Шаги раздались в тумане. Лёгкие, бесшумные, но чёткие. Из серой дымки вышел он — Странник. Всё тот же высокий силуэт в плаще цвета пепла. Капюшон скрывал лицо, и лишь тень падала густо, не открывая глаз. Его шаги, как и прежде, не отзывались эхом, будто сама земля не слышала их.
— Ты вернулся, Ирдар, сын Торвальда, — сказал он голосом глубоким, как колокол под горой. — Но теперь — навсегда.
Ирдар не удивился. Впервые за долгую жизнь он не ощущал ни гнева, ни страха. Он смотрел на Странника спокойно, словно на того, кого ждал ещё в юности.
Туман вокруг завивался, словно слушая их обоих. Мир Хельхейма затаил дыхание.

Странник остановился напротив, и капюшон чуть качнулся, будто он изучал лицо Ирдара. Ветер не трогал его одежды, словно сам воздух не смел касаться этого странного спутника.
— Ты прошёл весь путь, — сказал он. — И увидел её.
Ирдар нахмурился. Слова прозвучали ясно, и в них было больше смысла, чем в обыкновенной речи.
— Валькирию? — спросил он, и в голосе его прозвучала горечь. — Она лишила меня славной смерти. Я пал не как воин, как старик.
Плащ Странника чуть шевельнулся. То ли он усмехнулся, то ли просто качнул головой.
— Теперь ты знаешь, — сказал он. — То была не Валькирия. Валькирии ведут воинов в Вальгаллу. Но тебя сопровождала иная спутница. Та, кто шла рядом с тобой с первого крика младенца, с первой капли крови, пролитой тобою в бою.
Ирдар поднял глаза. Сердце его не сжалось, не взыграло яростью, как раньше. Он ждал этих слов, сам не зная того.
— Тогда кто она? — спросил он.
Странник помедлил. Его голос стал ниже, будто говорил не он один, а весь Хельхейм:
— Её имя — Старость. Ты знал её дыхание в каждом бою. Ты видел её тень в глазах матери и в сединах отца. Ты чувствовал её руку, когда дрожали пальцы, когда тяжелым становилось сердце. Она — твоя верная спутница. Ты звал её Валькирией, но в этом лишь обман твоего сознания.
Ирдар молчал. Слова легли на него, как снег на камни — холодно, но естественно.
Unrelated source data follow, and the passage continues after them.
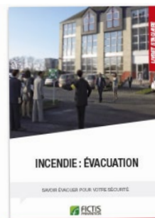
Livret « Incendie : évacuation »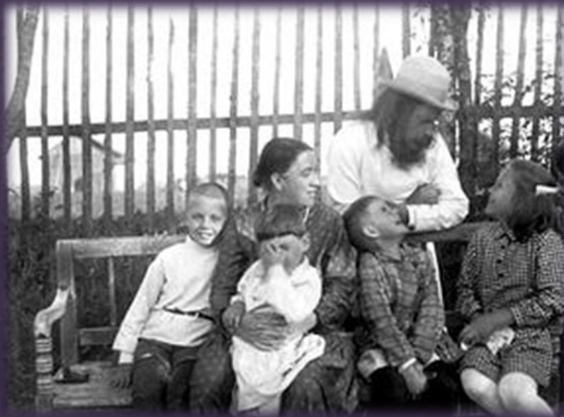
Праведный отец Алексей Мечев с семьей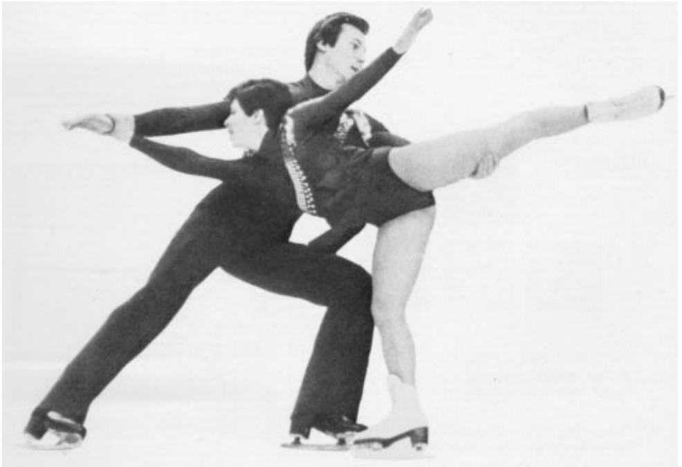
Irina Rodnina - Alexander Zaitsev (URS).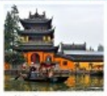
หมู่บ้านโบราณจูเจียเจียว

สวนสนุกยูนิเวอร์แซลปักกิ่ง / สวนสนุกเซี่ยงไฮ้ดิสนีย์แลนด์ / หมู่บ้านโบราณจูเจียเจียว ซินห่อไข่มุก / ลอดอุโมงค์ทะเลฮอร์ / หาดไว่ทาม / จิตรกรรมอันฮินเหมิน พระราชวังโบราณคู้กง / กำแพงเมืองจีนด้านจหยงทวน สนามกีฬาโอลิมปิกปักกิ่ง / ถนนโบราณเฉียนเหมิน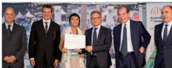
SORELLE FUMAGALLI ACCONCIATURE SNC Mariano Comense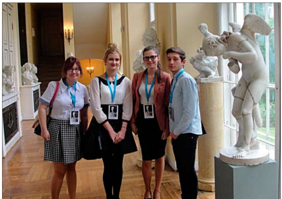
Delegacja LO im. Noblistów Polskich w Rydułtowach podczas pobytu w Warszawie.

w partnerskich krajach oraz II Nagrodą „Konkursu eTwinning 2013” w Czechach. Koordynatorowi polskiemu przyznano Europejski Znak Innowacyjności w Nauczaniu i Uczniu się Języków Obcych 2013.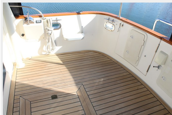
Aft deck with lazette hatch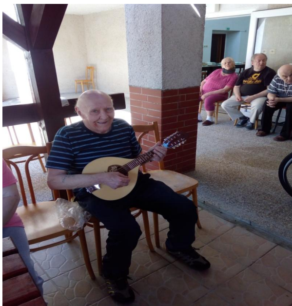
p. Hnatik balalajka.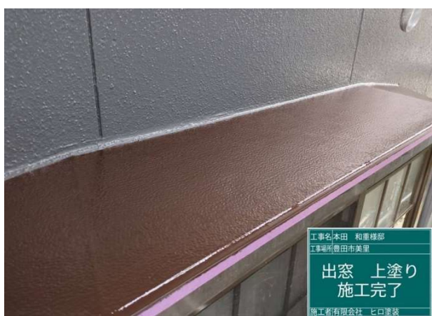
30 出窓 上塗り 施工完了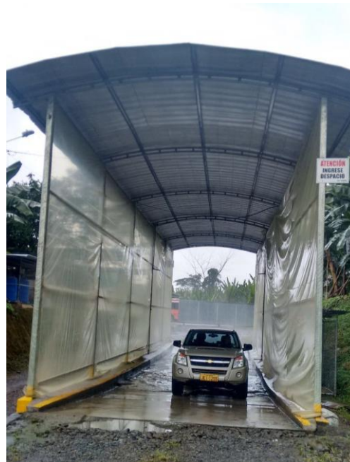
Fotografía 9: Arco de desinfección con rodiluvio para vehículos, previo a ingreso a un lugar de producción (Agrocalidad, 2016).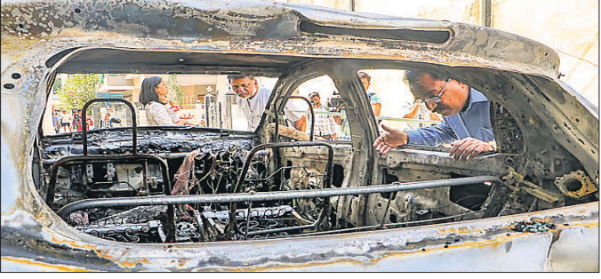
ଦଙ୍ଗାକାରୀମାନେ ସୋମବାର ପୋଡ଼ି ଦେଇଥିବା ଏକ କାରକୁ ଲୋକେ ଦେଖୁଛନ୍ତି।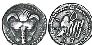
Rhegion 1 vittoria 1 Atleta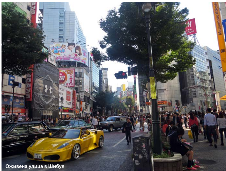
Оживена улица в Шибую

В електрония град Акихабара отново се чувствам като на друга планета. Тук можете да си купите каквато електроника си пожелаете, защото ежеседмично се появяват все нови и нови стоки – все последна дума на техниката. Закупуването на мишка за компютър ми отнема два-три часа.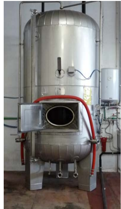
66 B-C-D autoclavi per spumantizzazione capacità 25 hl, le prime due in ferro smaltato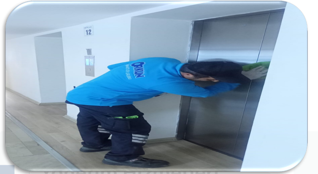
Asansr kapılarının parlaticı ile detaylı temizlięi gerekleřtirilmiřtir.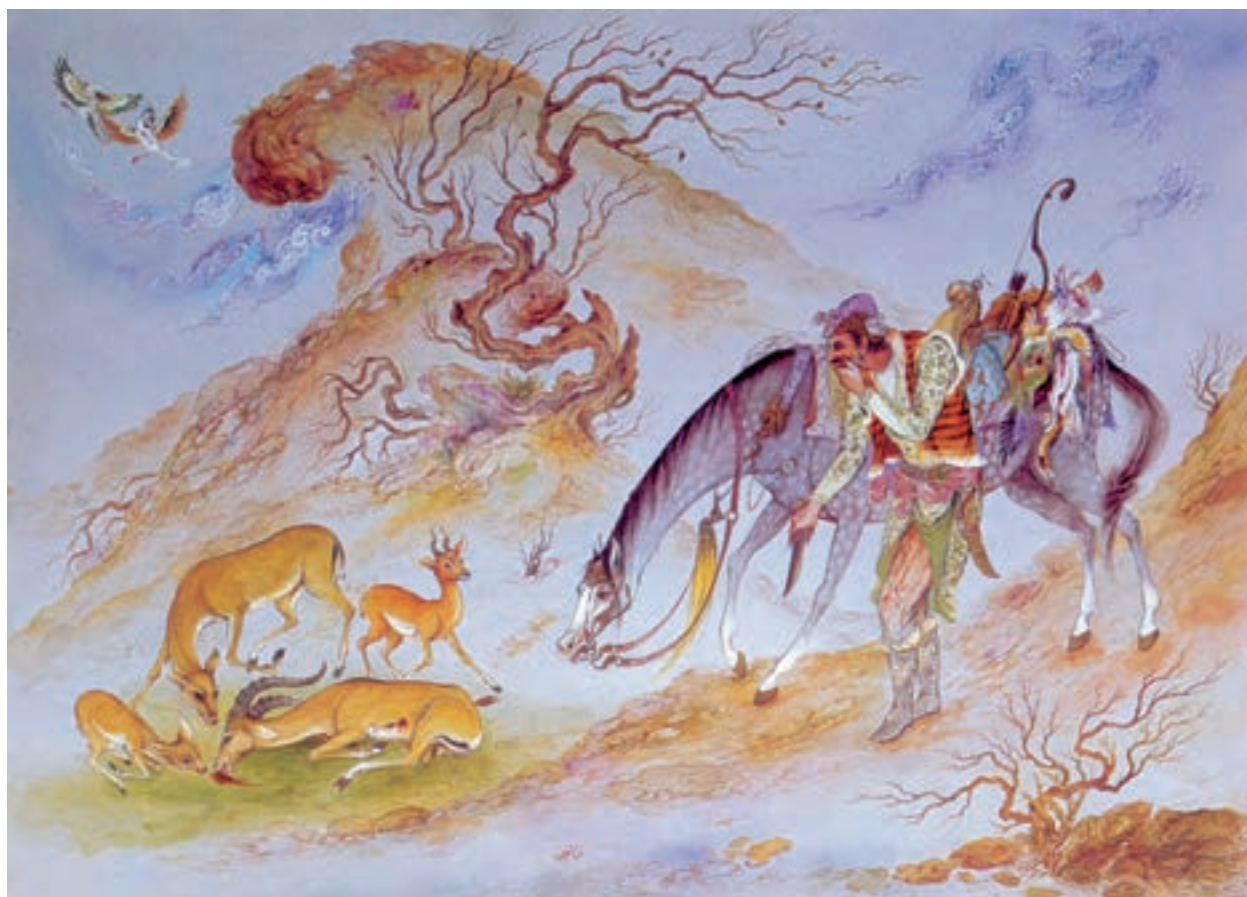
تصویر ۷۵-۲- شکار، اثر محمود فرشچیان، حدود ۱۳۴۰ ه.ش

د- نقاشی نوگرا (مدرن): نفوذ گسترده‌ی گرایش‌های نقاشی مدرن به داخل ایران، همزمان با جنگ جهانی دوم و به موازات رفتن رضاشاه از ایران و برقراری مختصر آزادی‌های اجتماعی و سیاسی، اتفاق افتاد. تشکیل دانشکده‌ی هنرهای زیبا، اعزام گسترده‌ی دانشجویان برای فراگیری هنر به اروپا و تدریس استادان اروپایی در مراکز هنری ایران و توسعه‌ی ارتباطات جهانی، عواملی بود که گروه‌های تحصیل کرده و نوجوی هنر را به سوی هنر مدرن اروپایی کشاند. البته این درحالی بود که حدود ۷۰ سال از پیدایش مکتب‌های مدرن در اروپا می‌گذشت.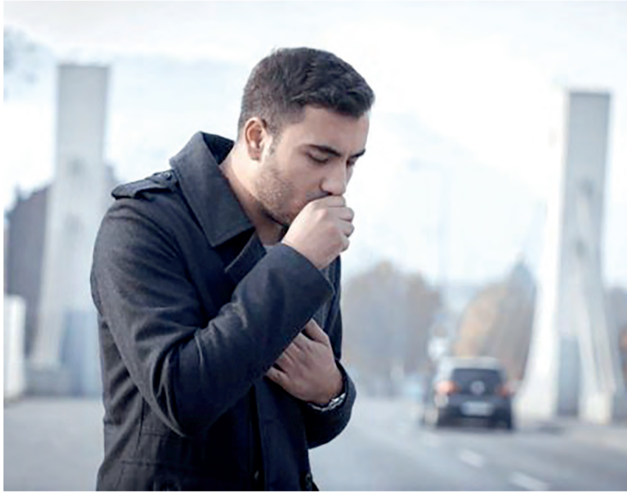
Um dos grandes problemas da Dpoc é que nem sempre ela é diagnosticada; a tosse pode ser um dos sinais de alerta

Se você é fumante habitual, tem 90% de chance de sofrer de Doença Pulmonar Obstrutiva Crônica (Dpoc), segundo a Organização Mundial de Saúde (OMS)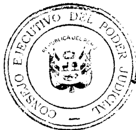
JAVIER VILLA STEIN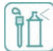
déchets ménagers spéciaux

Un gardien vous oriente et enregistre votre passage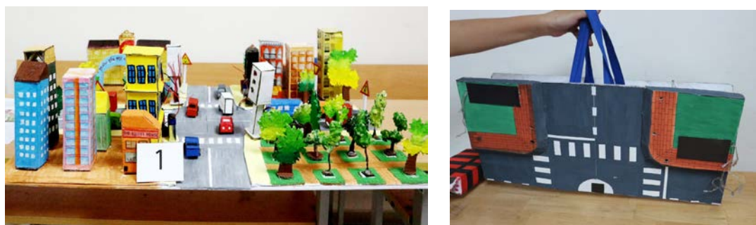
Hình 4. Sản phẩm mô hình hệ thống giao thông để dạy học nhiều chủ đề, khối lớp, nhiều môn học ở bậc Tiểu học

Thông qua việc này, SV không chỉ áp dụng được những kiến thức đã học vào thực tiễn mà còn hình thành những kinh nghiệm, học tập thêm nhiều kiến thức, kỹ năng mềm (giao tiếp, ứng xử...). Từ đây, SV thay đổi quan điểm và tích cực hơn khi tham gia vào các hoạt động HTPVCĐ, một phần vì nhận thức được lợi ích của các hoạt động mà mình tham gia đối với cộng đồng; hơn nữa, SV còn nhận ra các kiến thức, kỹ năng, trải nghiệm mà mình có được thông qua các hoạt động này thực sự hữu dụng và cần thiết.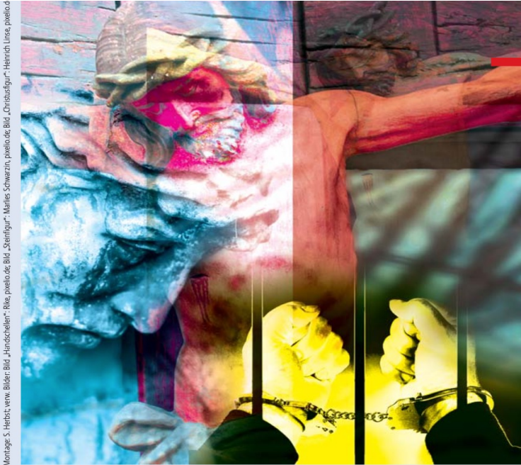
Montage: S. Herbst; new Bilder: Bild „Hirnschellen“; Rue, pueblo.de Bild „Szenfigur“; Marius Schwarz; pueblo.de Bild „Christusfigur“; Heinrich Linca, pueblo.de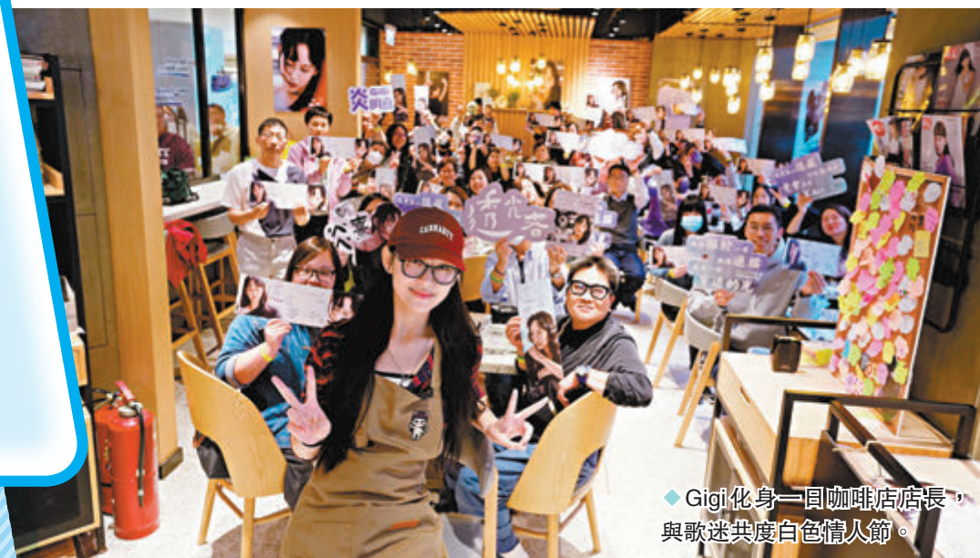
Gigi化身一日咖啡店店長，與歌迷共度白色情人節。

提到在白色情人節當一日店長，Gigi希望帶給大家一種「甜」，說：「無論大家有沒有情人，我都想借機會去多謝支持我的人，另外一個好消息是我的新歌《透光者》MV，網上點擊已經突破一百萬，所以好多謝大家。」新歌MV上載短短兩個星期就有佳績，歌迷會特別準備了蛋糕與Gigi一起慶祝。問到Gigi是否已投入演唱會採排，她流露為難的眼神說：「我之前講過，希望可以日日做運動、練歌，但手頭上其他工作未完成，運動暫時未可以日日做到，飲食方面都會好小心，要食得開心也要控制到胃口。」早前在社交網公開收集粉絲意見為演唱會請嘉賓，Gigi笑言反應非常熱烈，每一個留言都有細心地看，更將部分意見跟公司反映，她說：「今次3場演唱會的嘉賓，有大家提及過的，也有沒有講過的，希望到時可以有驚喜給大家。」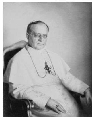
Pave Pius den 11. 1857 - 1939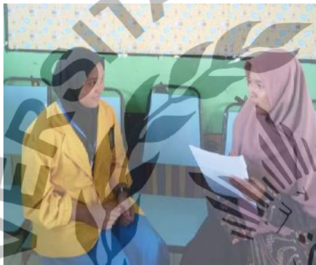
Wawancara dengan Pengurus IPM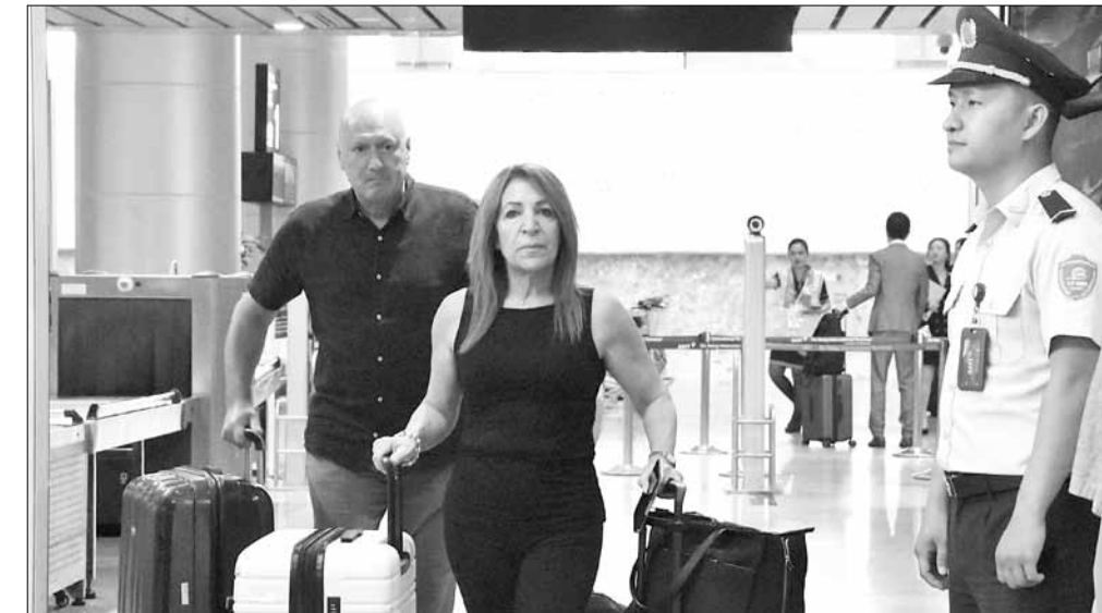
Xúc tiến tại các thị trường trọng điểm, mở rộng các đường bay là cách hiệu quả để thu hút khách đến. TRONG ANH: Du khách quốc tế đến Đà Nẵng qua Sân bay quốc tế Đà Nẵng.

(tỷ lệ 6,44%), Ấn Độ (tỷ lệ 4,7%), Mỹ (tỷ lệ 4,2%), Nhật Bản (tỷ lệ 4,0%), Malaysia (tỷ lệ 2,8%), Australia (tỷ lệ 2,4%). Điều này cho thấy xu hướng dịch chuyển của một số thị trường khách truyền thống sang các điểm đến mới. Do đó, ngành du lịch xây dựng kế hoạch xúc tiến, quảng bá cho từng thị trường trong năm tới. Trong đó, thị trường nội địa tập trung thu hút khách tại các tỉnh miền Trung - Tây Nguyên, các địa phương có đường bay trực tiếp đến Đà Nẵng, trọng tâm là Hà Nội, Hải Phòng, Thành phố Hồ Chí Minh, Cần Thơ, Buôn Ma Thuột và các địa phương lân cận. Ngành cũng hướng đến thu hút phân khúc khách gia đình, khách trẻ, khách có khả năng chi trả cao; tập trung quảng bá, giới thiệu du lịch ẩm thực, sự kiện, âm nhạc, lễ hội, du lịch sinh thái, giải trí... Khách quốc tế thì tùy vào thị hiếu từng thị trường cụ thể để có định hướng quảng bá như với khách Hàn Quốc tập trung khai thác khách gia đình, khách lẻ, khách quay lại tại các địa phương có đường bay trực tiếp (Seoul, Busan, Daegu), mở rộng xúc tiến tại các địa phương mới của Hàn Quốc (Cheongju, Jeonbuk); khách Đài Loan (Trung Quốc) tập trung khai thác khách MICE của các đoàn thể, công ty tại Đài Bắc, mở rộng quảng bá tại các thành phố Cao Hùng, Đài Trung...; khách Trung Quốc tổ chức đón các đoàn famtrip Trung Quốc, hỗ trợ các đơn vị tổ chức các chuyến bay thuê chuyến khai thác khách, tạo tiền đề khôi phục các đường bay thường lệ.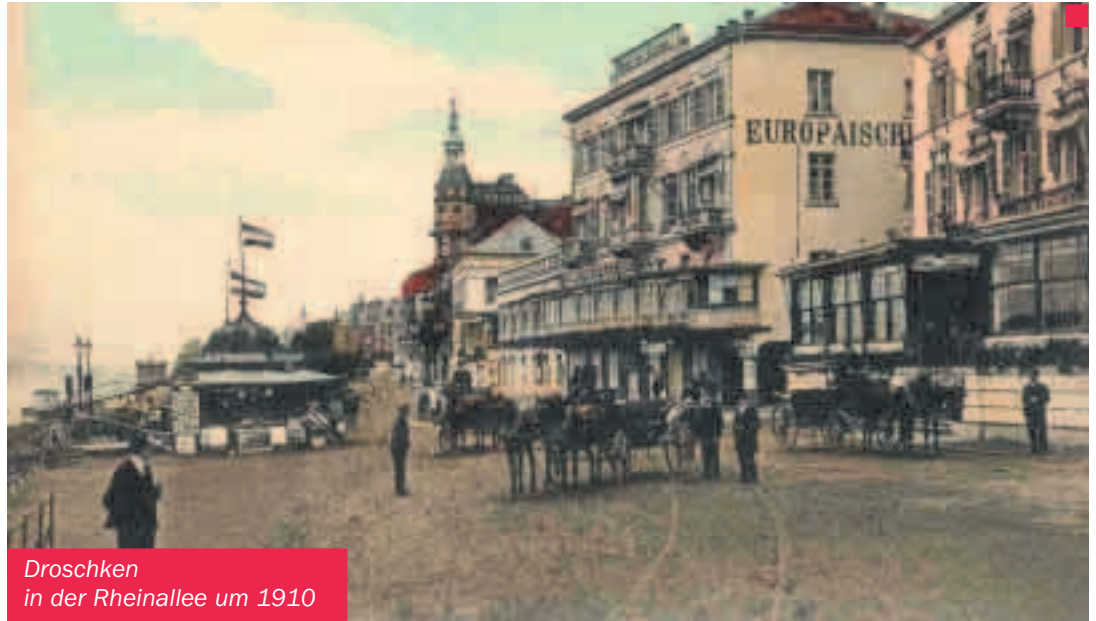
Droschken in der Rheinallee um 1910

Von der älteren Generation kennen noch viele seinen Namen. Mehrere Bücher und einige Filme erzählen seine Lebensgeschichte, darunter zwei bemerkenswerte Kinoerfolge, einmal mit Heinz Rühmann und dann mit Gustav Knuth in der Hauptrolle. Die Rede ist natürlich vom »Eisernen Gustav«, mit bürgerlichem Namen Gustav Hartmann, der auf seiner legendären Droschkenfahrt von Berlin nach Paris im Mai vor 75 Jahren auch in Königswinter umjubelt Station gemacht hat.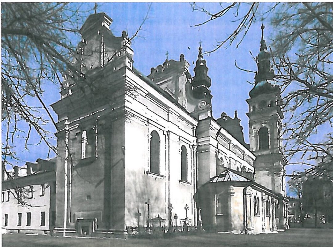
Rysunek 3. Kościół klasztorny pw. Wniebowzięcia NMP, ob. kościół parafialny.

prostokątne z półkolistym gładkim tympanonem. Kościół jest obiektem trójnawowym, bazylikowym. Nawa główna jest szersza i wyższa od naw bocznych, zakończona jest węższym, prostokątnym prezbiterium, zamkniętym prostą ścianą. Nawy boczne są zamknięte od wewnątrz półkoliście, od zewnątrz wieloboczną absydą. Od wschodu na osi znajduje się kruchta zbudowana na rzucie prostokąta zbliżonego do kwadratu. Na osi naw bocznych znajdują się dwie wieże na rzucie kwadratu.

Он вспомнил её взгляд — холодный, вечный, без жалости. И понял: да, это правда. Не враг, не воительница — спутница, что ждала его всю жизнь.
Странник шагнул ближе.
— Ты искал врагов. Ты проливал кровь, мстил за родных и за любовь. Но твой путь вёл не к Харальду, не к Лорну. Всё это были лишь камни на дороге. Истинный твой враг — время. И ты его не победил, но встретил лицом к лицу.
Ирдар опустил голову. И впервые за долгие годы он не почувствовал ярости. В душе его был только покой.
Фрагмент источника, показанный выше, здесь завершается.